§ **ASSIGNED TASK**
Take the lines from the one with "ワクチン接種証明やPCR・抗" through the end of the material below and repeat them exactly, dropping every picture.

§ **DATA SECTION**

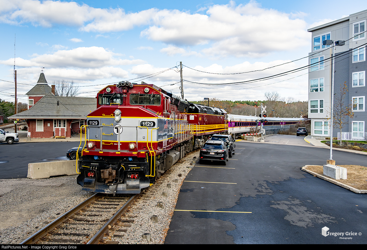 As clouds roll in on the morning of November 14th, 2025, the MBTA/Keolis “Seaview Extra,” led by EMD GP40MC-3 MBTX 1129 in B&M “Cranberry” paint, cuts through the station parking lot at Walpole, Massachusetts, as it leaves the Franklin Branch and enters the Framingham Secondary on the way to Foxboro. This special move marked the inaugural run of MBTA’s new Office Car Special consist, which features four overhauled MBB CTC/BTC-3 coaches, including “The Mayflower,” an observation car with a full glass end.
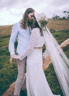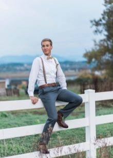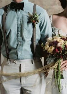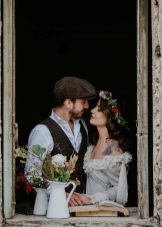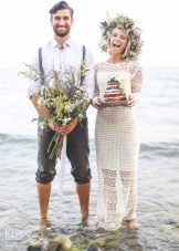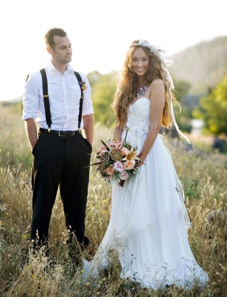 A strict suit, elaborate shoes and a festive tie - a list of what you do not need to wear for such a wedding. The groom should purchase loose trousers in which he will be comfortable. They must be made of natural fabric. The image is complemented by comfortable boots and a casual shirt. To make the man’s outfit more interesting, you can use a not too strict vest and a creative, stylish tie. Another add-on option is suspenders. If you need to wear a jacket, the thing should be as comfortable as possible. It should not be a costume pair with trousers.
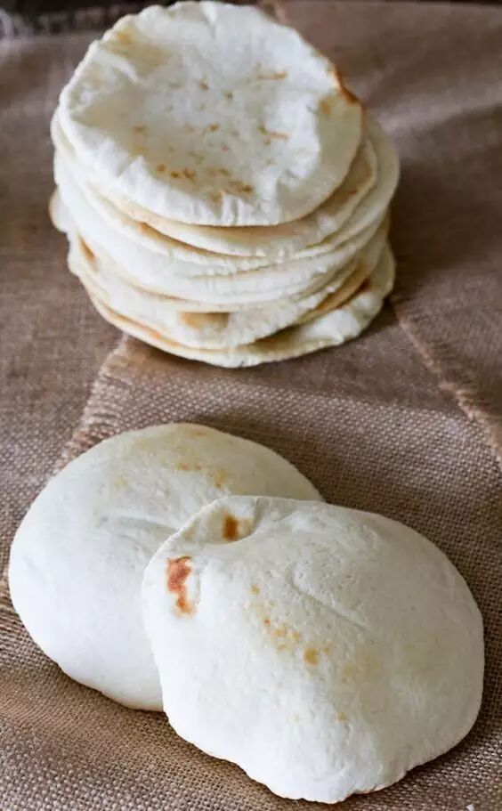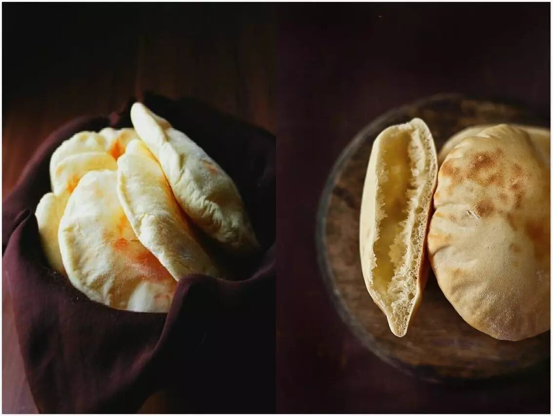 (皮塔饼摞在一起后会挤压掉气体,口感比单纯的饼更酥软)
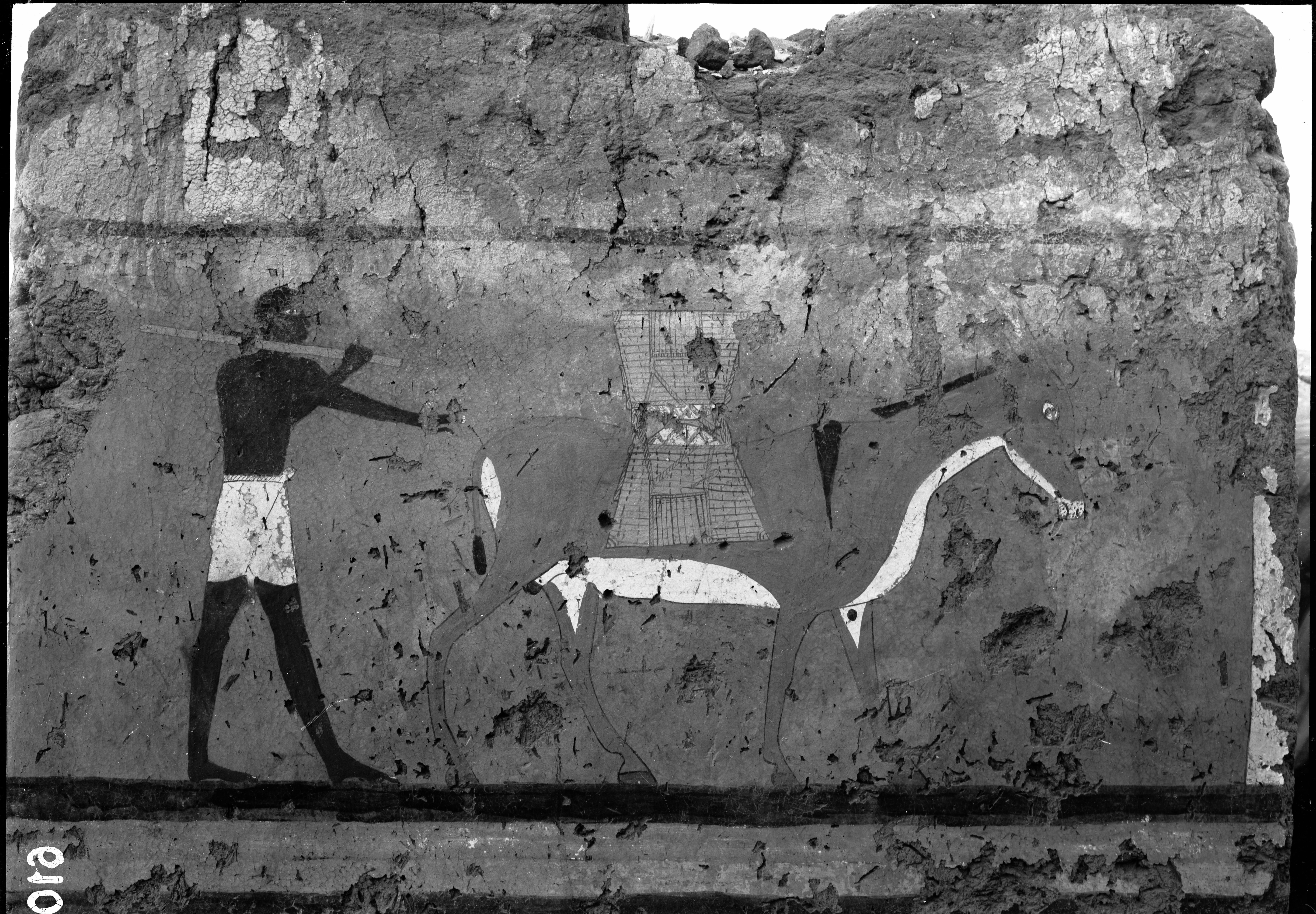 Tomb of Iti and Neferu. Pillar number 13. A scene showing one of the donkeys in the troop on its way to the granary. The donkey, preceded by its young, carries two baskets tied together; the one on its left side (usually not seen) is drawn above the other in order to make it visible. Schiaparelli excavations. (S.14354/20)
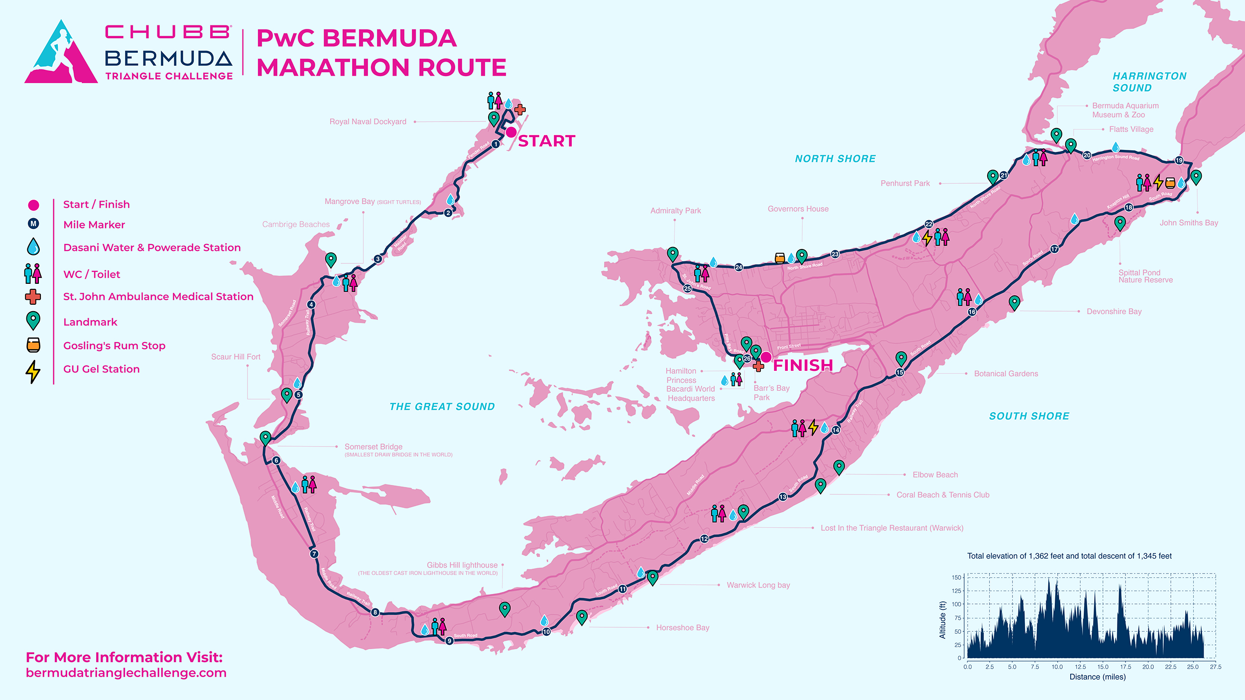 In 2020, the Chubb Bermuda Triangle Challenge debuted a new course for the PwC Bermuda Marathon. With the guidance and input of local runners who, collectively, have put in thousands of miles training in Bermuda, the original marathon course from 1975 (consisting of two 13.1-mile loops) was reimagined as a point-to-point running tour of the island.
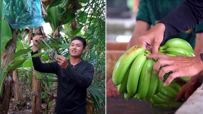 Dalam operasional pertaniannya, Huang membungkus sekumpulan pisang yang matang dengan kantong plastik biru. Dalam mengidentifikasi klaster pisang mana yang siap dipanen, ia menggunakan metode ini karena berbiaya rendah.
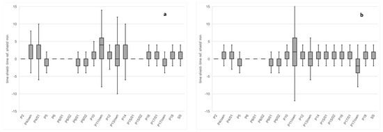 Response time of the different shields in relation to the reference shield for (a) daily maximum temperatures and for (b) daily minimum temperatures. “-” is the median, “□”is the 25–75% interval and “I” is the complete interval.
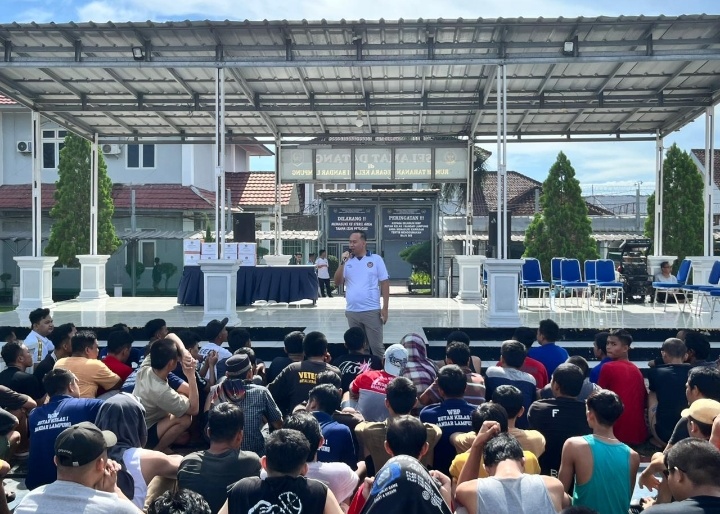 Kepala Rumah Tahanan Negara (Rutan) Kelas I Bandar Lampung, Tri Wahyu Santosa, memberikan pengarahan kepada seluruh warga binaan terkait pencegahan dan pemberantasan HALINAR (Handphone, Pungutan Liar, dan Narkoba) pada Sabtu (25/04/2026). Kegiatan ini dilaksanakan di lapangan Rutan Kelas I Bandar Lampung dan diikuti dengan tertib serta penuh perhatian oleh para warga binaan.
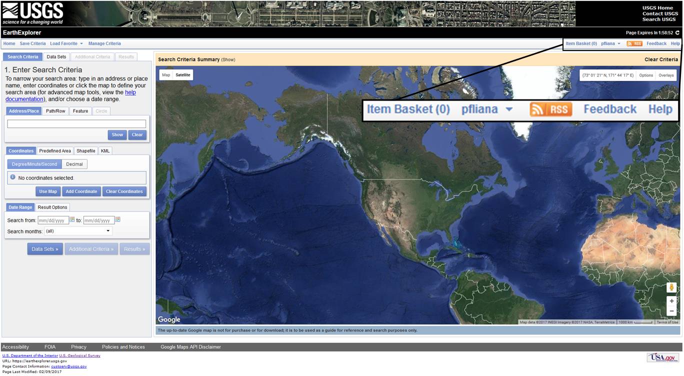Please go back to the USGS website to sign in as a user by clicking the ‘Login’ icon next to the 'Register' icon, on the upper right corner. After logging in, you should see your user name in the top right corner, as shown in Figure 2. In this example, the username is 'pfliana'.
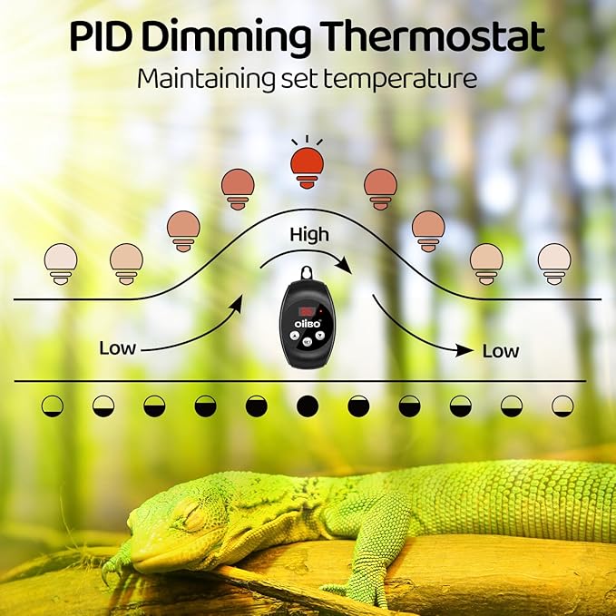 - 【Integrated Design】OIIBO reptile light fixture with dimming thermostat is a reliable and convenient way to maintain the proper temperature for reptiles, help create a comfortable living environment for your pet. (Heat bulbs NOT included )
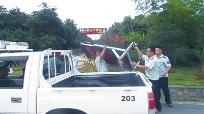 8月25日晚,市城管局综合执法二大队组织执法人员对桂乡大道沿线临时广告进行集中整治,告知沿途业主相关法律法规,并暂扣路边广告牌4块。
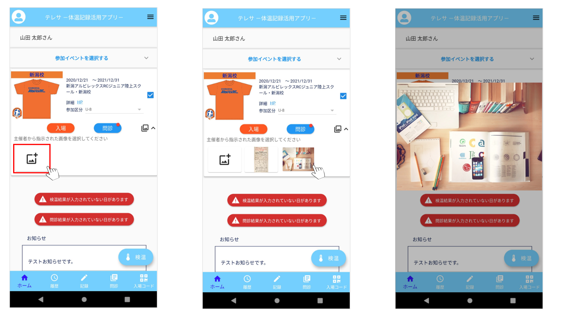 ワクチン接種証明やPCR・抗原検査の陰性証明などの画像を添付できるようになり、管理者への事前報告をスムーズに行うことが可能となりました。また、管理者はユーザーが添付した画像をリアルタイムで確認することができます。
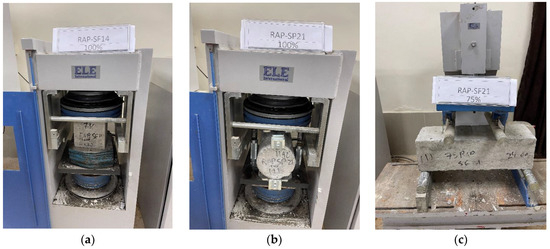 A compression test was performed according to BS EN 12390-3:2019 [62] on cubes of 150 mm × 150 mm × 150 mm. In addition, a splitting test was conducted on cylinders of 150 mm × 300 mm according to ASTM C496 [63]. Also, a flexural test was performed on prisms of 150 mm × 150 mm × 500 mm in accordance with ASTM C78 [64]. Figure 3 presents the experimental test setup.
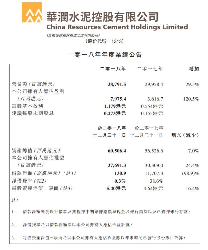 華潤水泥控股(01313.HK)公布,截至2018年12月31日止年度,實現(xiàn)營業(yè)額387.92億港元,同比增加29.5%;毛利154.20億港元,同比增加67.05%,毛利率由去年同期的30.8%增至39.8%;公司擁有人應占盈利79.75億港元,同比增加120.5%;每股基本盈利1.179港元;擬派末期股息每股0.273港元。
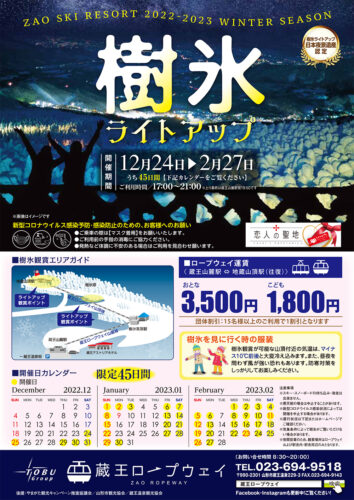 - 12/24~2/27 樹氷幻想回廊ツアーが開催
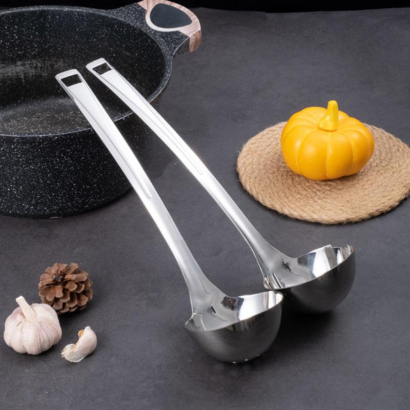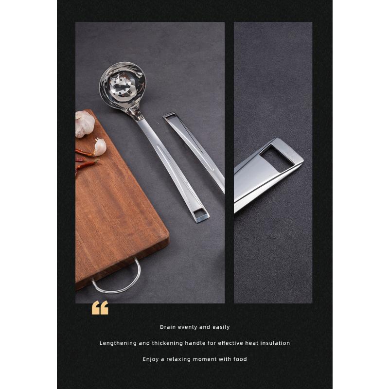 HANYANG 316 Ложка для отделения масла из нержавеющей стали Бытовая горячая кастрюля Суповая раковина Воронка для супа Длинная ручка Ложка для супа Утолщение Углубление Маленькая воронка

§ **EXPECTED ANSWER**
 ワクチン接種証明やPCR・抗原検査の陰性証明などの画像を添付できるようになり、管理者への事前報告をスムーズに行うことが可能となりました。また、管理者はユーザーが添付した画像をリアルタイムで確認することができます。
 A compression test was performed according to BS EN 12390-3:2019 [62] on cubes of 150 mm × 150 mm × 150 mm. In addition, a splitting test was conducted on cylinders of 150 mm × 300 mm according to ASTM C496 [63]. Also, a flexural test was performed on prisms of 150 mm × 150 mm × 500 mm in accordance with ASTM C78 [64]. Figure 3 presents the experimental test setup.
 華潤水泥控股(01313.HK)公布,截至2018年12月31日止年度,實現(xiàn)營業(yè)額387.92億港元,同比增加29.5%;毛利154.20億港元,同比增加67.05%,毛利率由去年同期的30.8%增至39.8%;公司擁有人應占盈利79.75億港元,同比增加120.5%;每股基本盈利1.179港元;擬派末期股息每股0.273港元。
 - 12/24~2/27 樹氷幻想回廊ツアーが開催
 HANYANG 316 Ложка для отделения масла из нержавеющей стали Бытовая горячая кастрюля Суповая раковина Воронка для супа Длинная ручка Ложка для супа Утолщение Углубление Маленькая воронка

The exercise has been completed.